Art requires labor. It requires years of testing, trying, seeing, asking, peeking, being, and creating. It requires self-critique, global awareness, cultural exposure, daily action and consistent progress.
Art requires seeds, tools, and visions.
Art requires seconds, minutes, days, weeks, months, and years passed by.
Art costs the artist their lives. Both as a form of compulsion but also in the form of an eternal force, a thread throughout history of humanity expressing its collective self and communicating around what life is and what it means to be a person.
When you pay for a piece of art – you are paying for all of that.
The creative experiments gone awry, the anguish of perfection, the process of discovery, and the development of an artistic voice. Quite frankly, the fact that any art at all can be purchased for less than a few hundred dollars is totally amazing in such context.
If this is the case, our society needs to drastically shift the way we think about art, the way we compensate artists, the models we build for including art in our world, and the way we redefine the value of art in our culture and communities.
Dispelling and expelling the exposure paradigm in art is essential to that progress.
Am I right? I’m not sure, but I highly doubt if anyone has ever walked into a dentist’s office and said, “I have no money, and I don’t intend to pay you… necessarily, but I know your work will help me, so how about I just tell a few people that you do solid dental work and we call it a deal – cool?”
I mean, it’s asinine. There is no way in hell this exposure paradigm would work or would even be suggested in literally every other industry, product or service in the world.
What’s really happening here, though?
What’s happening is, the curator, organizer, or producer of the event wants, and more importantly knows, that they need the artist’s contribution to make the production special, fun, creative, vibrant, alive, engaging, exciting, worth-talking-about, etc etc etc.
In essence, they have no event without the artist.
At IPaintMyMind, we believe that working artists, as in, artists with a track record of sales and professional work should always be compensated for their work, unless the artist feels it right to donate to a cause they believe in or support. This does not mean adding some quasi-cause component on the end of a money-making venture, only to reduce the artist’s compensation package. It’s about having skin in the game and sharing the upside.
The Coffee Shop Model
You can see where coffee shops can be in a bind, but I also think it’s really gotten away from us, to the point where artists are presenting entire gallery shows in coffee shops without any guaranteed compensation. Oftentimes the ‘exposure paradigm’ gets lumped into this model because sans cash, it’s really all they can offer.

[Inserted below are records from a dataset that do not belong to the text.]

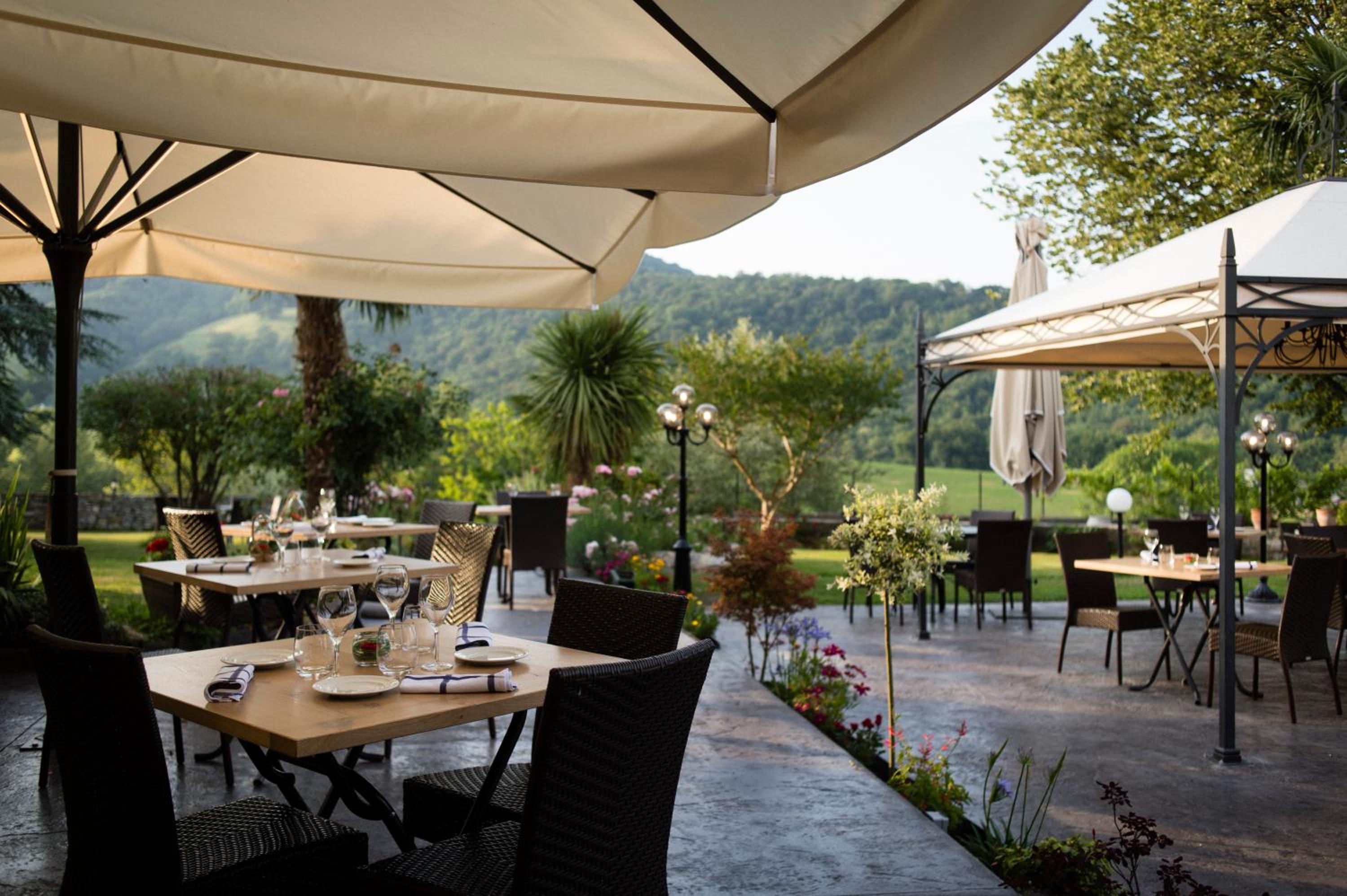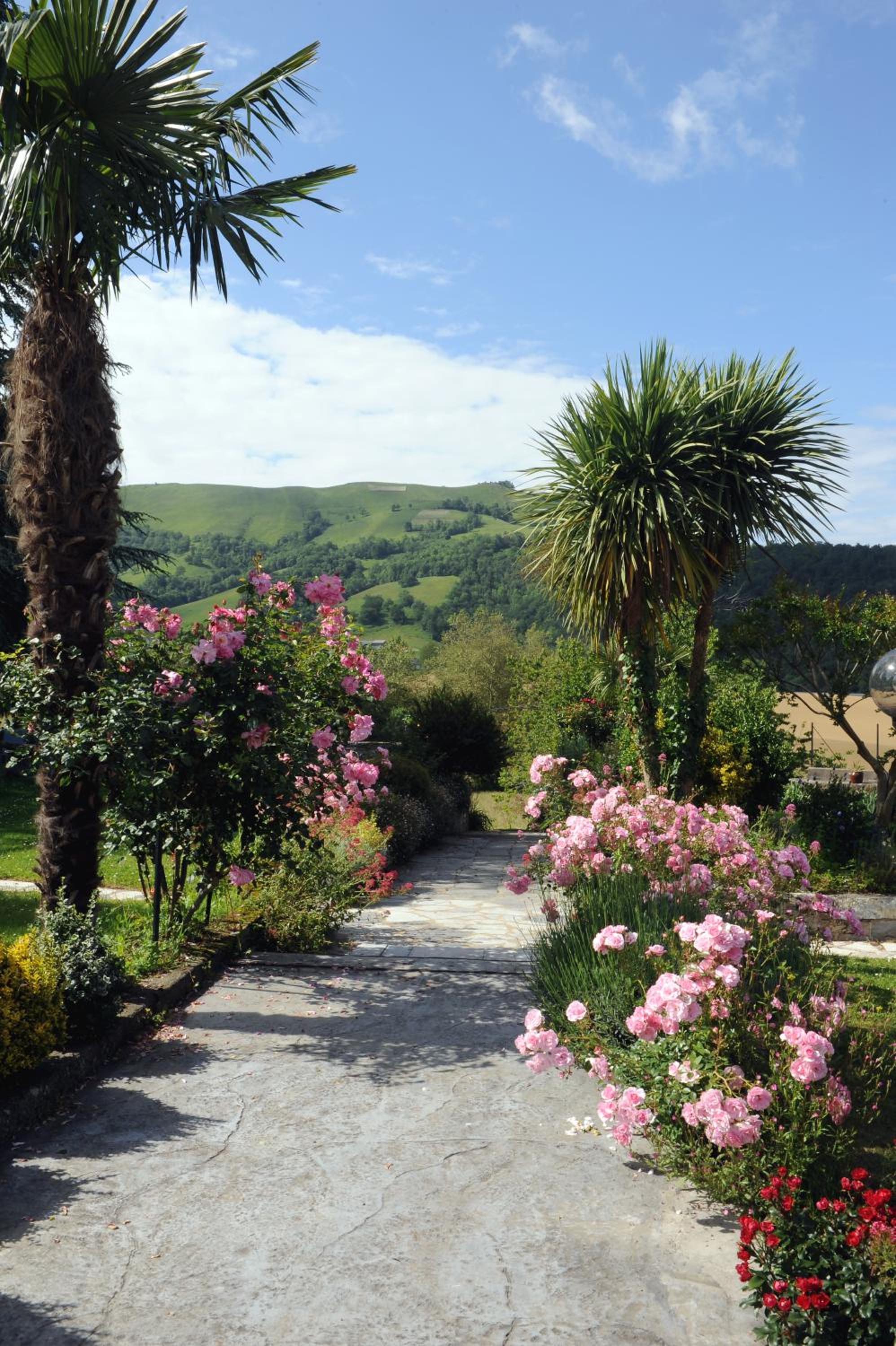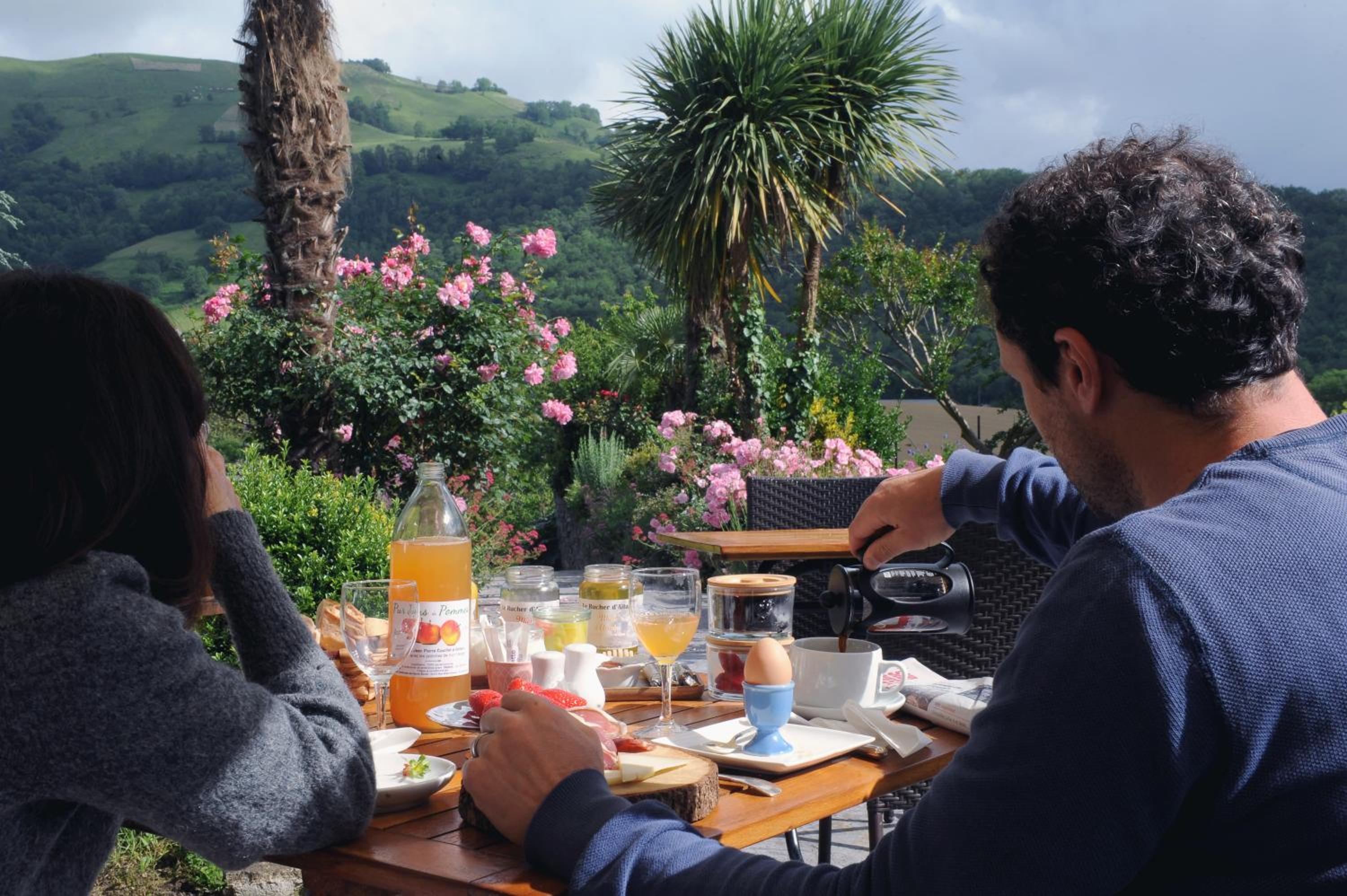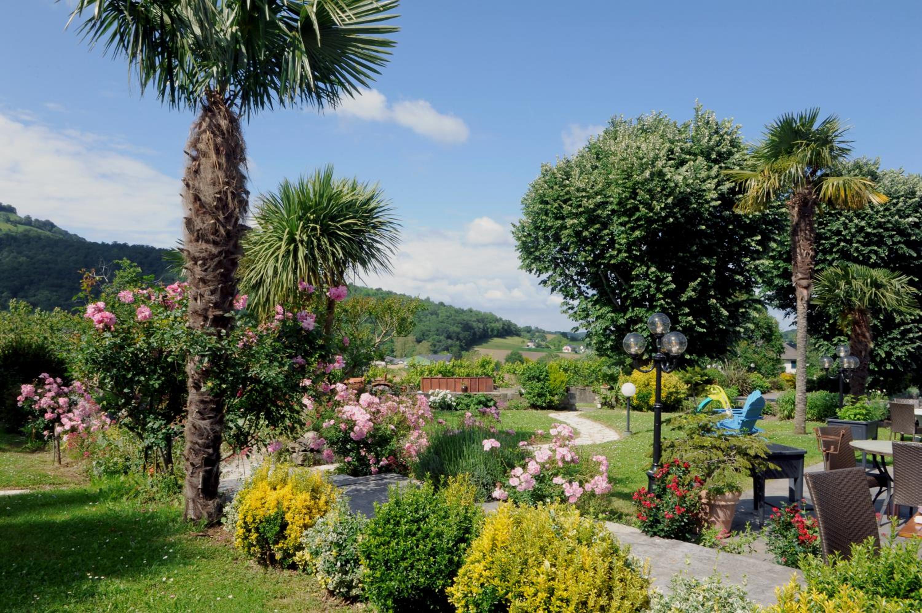 Scenic Surroundings: Nestled in the heart of the mountains in Barcus, Hotel Restaurant Chilo offers a serene escape with a picturesque tree-lined garden and a refreshing swimming pool.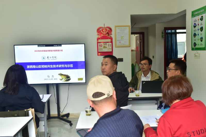双方共同参观我校马力老师“百博进百企”的合作企业——云和清江生态龟鳖专业合作社和丽水市博士创新站建站企业——云和县金乌岭家庭农场基地。马力和企业负责人卜伟绍在田边、会议室内对稻鳖、稻蛙综合种养的养殖方法、养殖效益、注意事项、品牌建设、销售网络构建等方面做了深入讲解。
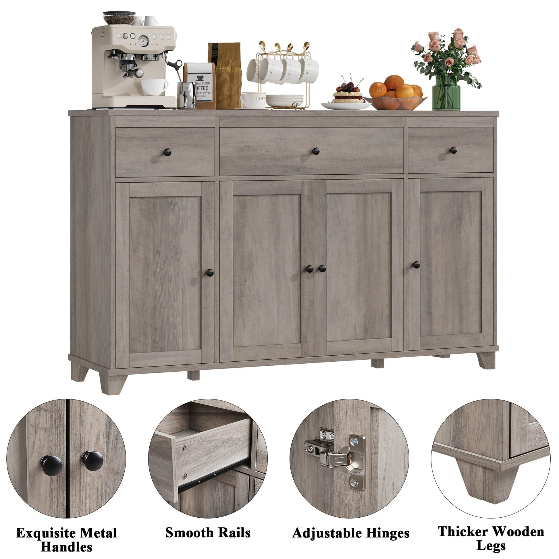 - SPACIOUS STORAGE SOLUTIONS: This kitchen cabinet features a 55" wide tabletop, which can accommodate a coffee machine, microwave and other daily necessities. With 3 large drawers, you can easily organize and store dishes, cups, paper towels, etc. At the same time, this buffet cabinet features a central double-door cabinet with fixed shelf and 2 side cabinets with adjustable shelves, which can easily accommodate all kitchen utensils

I don’t think this trend will cease, but there are a few things well-meaning coffee shops could do to more fully support the artists who display entire collections of finished, oftentimes framed artwork, without pay.
1) Share a % of tips for the duration of the show run with the artist
2) Promote a small % discount for the artists online sales with a special discount code to your customers both in-store and online
3) Purchase 1-2 pieces of art from each artist you invite into your coffee shop and slowly create your own rotating art collection!
4) Free coffee for the artist the entire time their art is on display.